There are lots of ways of dealing with reduced emissions from deforestation and degradation (REDD), but a lot of people would like to get the CO₂ credits, the carbon finance. For 15 years people have been trying to figure out how to do this at a project level, meaning they’ve got a forest and want to calculate, over time, the CO₂ that’s being sponged out of the atmosphere through sequestration to ultimately come up with a number that says, “Here’s what I should be credited for in terms of sequestered CO₂.”
It’s just very unsettled, and the science on these methods, whether it’s the baselines or whether it’s the sequestration calculation over time, is very unsettled. That’s just one barrier that’s hard to get around. The other, of course, is leakage, meaning that we just protected this forest here, but we own another forest five miles down the road, and we’re cutting that down twice as fast. Further, there’s the issue of permanence, meaning that we’re getting credits for this forest, but then it burns, maybe for natural reasons, and all that CO₂ just goes into the atmosphere.
These three issues have been on the table for ten years, and I don’t know that there’s been any progress in trying to solve them in a satisfactory way. And now the conversation in Bali isn’t just about doing it at a project level, but doing it at a national level. Indonesia is saying that they are going to put in a new federal policy for reducing national deforestation rates, and over time they want to be credited for the reduction of that deforestation. All of these issues still hold with the quantification methods, leakage, and permanence. How do you prove that leakage isn’t happening and how do you ensure the permanence? All of these things still hold, but there’s even added complexity because now, for example, to prove that leakage isn’t happening, you’d actually have to have some global monitoring system that would allow you to show that Indonesia’s efforts to reduce deforestation are not being offset, for example, in Papua New Guinea.Just to drive this point home, Figure 12 is a calculation of Indonesia’s deforestation rates. The first, or lowest, horizontal line, the conservation forest line, is the millions of hectares of forest in Indonesia that are currently under protection. If you added to that the concessions that Indonesia is given for managed forests, this is the level indicated by the higher horizontal line, the working forest line. About 51 million hectares are protected or managed forest in Indonesia.

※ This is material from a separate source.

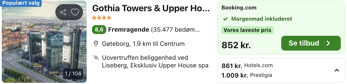 Bemærk: Den samlede pris for overnatningen er 852,- for 2 personer i et dobbeltværelse med morgenmad, hvilket svarer til 426,- per person. Adgang til spa koster 695,- SEK hvilket svarer til 487,- danske kroner og bestilles direkte hos hotellet. Rejs365 er ikke et rejsebureau, men en rejseside, der finder gode tilbud! – Vi modtager kommission, men det påvirker ikke din pris! Læs mere her |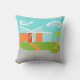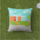 Met deze moderne middeleeuwse Cartoon House Outdoor Pillow wil je de WELCOME mat eruit halen en jezelf thuis maken! Het minimalistische kunstontwerp van de jaren '60 is voorzien van een gestroomlijnd, oranje steen en aqua glazen huis op een glans, groen, boemerang gevormd gras. Het gras vormt een oase in het midden van zijn grijze, betonomgeving. Een groene palmboom zwaait in de bries. Vier oranje springstenen leiden de weg naar de retroflector, rood, voordeur met drie rechthoekige ruiten van glas. Links van de deur houdt een turkooisbloempot een tropisch, groen plant. Het huis heeft een slopend, V-vormig wit dak dat naar twee, witte, bonen gevormde wolken richt. De hemel is een positief serene soort aqua. Niemand zal stenen uit dit moderne, glazen huisontwerp willen gooien! De tegenovergestelde kant van deze kussen heeft een oranje steenpatroon. Koop dit kitschy, ruimtegolfproduct en ben de coolste kat op je blok!

They’ve got about 90 million hectares, and their current deforestation rate means they would have nothing left but their preserved forest in something like 50 years. Even if they improve their deforestation rate by 30 percent, meaning they reduce the deforestation rate by 30 percent, they’d still end up having nothing left but their preserved forest, but just 34 years later.
If you were going to credit Indonesia for reducing deforestation and give them tradable carbon commodities, which they would then sell onto the market so that other countries could use them to increase their stack emissions from power plants, etc., what are you really gaining? The answer is not much. What you’ve got to get is some kind of stability – a line like the one in Figure 12 where your deforestation rate goes to zero and everything is managed. At least if you’re doing that on a national or ideally a global basis, then you might actually have some confidence in doing some carbon crediting.
Aulisi’s question “what are you really gaining?” is the right one to be asking. From the climate perspective, the answer must be nothing, if the carbon trade allows pollution elsewhere to continue. Even Aulisi’s ideal situation where deforestation reaches zero at some point in the future, involves the destruction of 40 million hectares of Indonesia’s forests. Trading the carbon stored in the remaining forest as carbon credits, allows greenhouse gas emissions to continue – at a time when reductions are urgently needed.
Aulisi seems to assume that when only protected forest remains the deforestation will stop. The forest destruction over the past 15 years on the island of Sumatra, to make way for oil palm and pulpwood plantations, includes deforestation inside protected areas and clearly indicates that this is very unlikely to happen.